Europe sank to what may have been the recession's low point in the first quarter of this year as tumbling German exports and investment plus further sharp drops in output elsewhere hastened the pace of a year-old contraction.

Official GDP estimates showed the period was the worst since records at European level began in 1995, though more up-to-date business surveys suggest the first global recession since World War Two may subsequently have passed its most severe.

Although we are nowhere near the peak in unemployment, we can safely assume that the first quarter was the worst in terms of the pace of decline, said Martin van Vliet, an economist at ING bank.

The latest ugly GDP figures should, however, mark the trough of the current 'Great Recession', said Alexander Koch, an economist at UniCredit bank.

GDP, or gross domestic product, fell 2.5 percent versus the last quarter of 2008, both at the level of the 16-nation euro currency zone and 27-member European Union bloc, according to the EU statistics office.

German GDP fell more than any quarter since reunification in 1990 at least, with GDP falling far more than forecasters had even imagined, down 3.8 percent from the last quarter of 2008, official statistics showed.

French GDP slipped heavily too if less dramatically, by 1.2 percent, official data there showed, while Italian GDP fell 2.4 percent, the sharpest dip since 1980.

Economists had forecast a bad but less dramatic fall of 2.0 percent in euro zone GDP, after a drop of 1.6 percent in the previous quarter and the declines in several eastern European countries outside the euro zone were no less startling.

Czech and Hungarian GDP reports showed the biggest drops since their records began.

LIKE OTHER REGIONS, BUT WORSE

Europe's plight is shared by the industrialized world and even fast-developing China showed its weakest pace of growth on record in the first quarter.

U.S. GDP slid for the third straight quarter for the first time since the oil crisis recession of the mid-1970s, according to official data published on April 29.

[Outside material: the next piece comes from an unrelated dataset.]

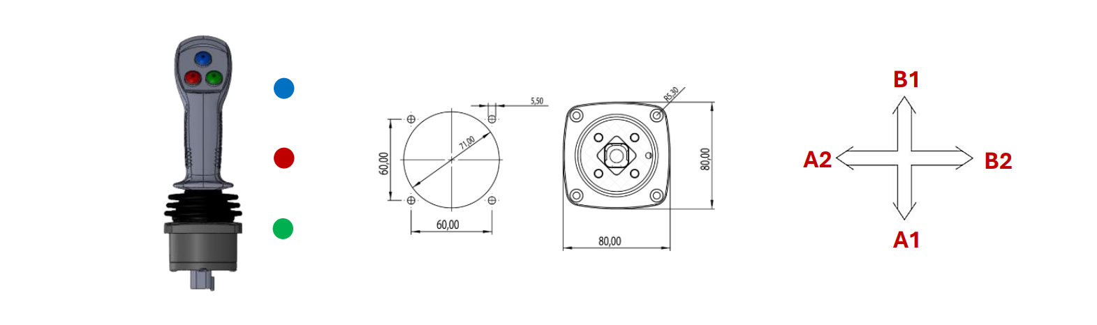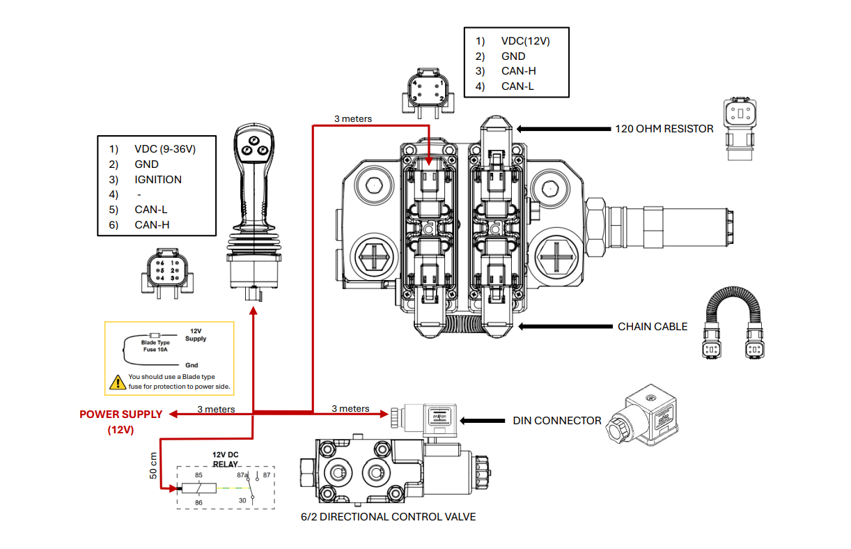 De set bevat het ventiel, een proportionele bedieningsjoystick en elektrische bekabeling.

The fall there in the U.S. method of counting equates to one of about 1.6 percent in European measures, suggesting the first U.S. quarter there, if bad, was not as bad as Europe.

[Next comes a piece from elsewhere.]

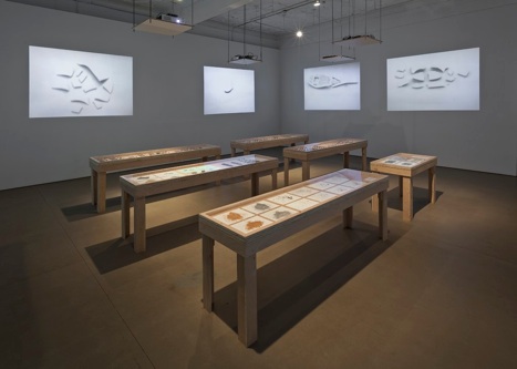 Top image: Installation overview of the gallery, with “The End of the World” videos projected on walls.

Britain, which is not in the euro zone but depends a lot on its euro neighbors for trade, reported the biggest quarterly GDP drop since 1979 in the first quarter, when GDP dropped 1.9 percent from the previous quarter.

In all, while the figures are provisional and U.S. data is often subject to heavy revision, the picture emerging from the first quarter is that GDP was dire across the board, but worse in mainland Europe.

The first quarter drop eased in the United States from the preceding quarter but accelerated in the euro zone and Britain, though the euro zone and EU drops exceeded Britain's.

More detailed information on GDP is expected on May 20 from Germany and many other mainland European countries as well as a first estimate from Japan, though polls of economists say Japanese GDP could have been the worst since World War Two in the opening quarter of 2009.

France's performance was notably stronger than that of Germany, Italy or Spain due to the fact that consumer spending held up relatively well, rising by a marginal 0.2 percent. Germany is far more export-dependent and foreign demand has evaporated in the broader downturn.

Global GDP is expected to contract 1.9 percent in 2009 as a whole, according to the International Monetary Fund, which sees U.S. GDP dropping 2.8 percent, euro zone GDP 4.2 percent, Japanese GDP 6.2 percent and British GDP 4.1 percent, alongside a slowing in China to 6.5 percent growth from 9 percent last year.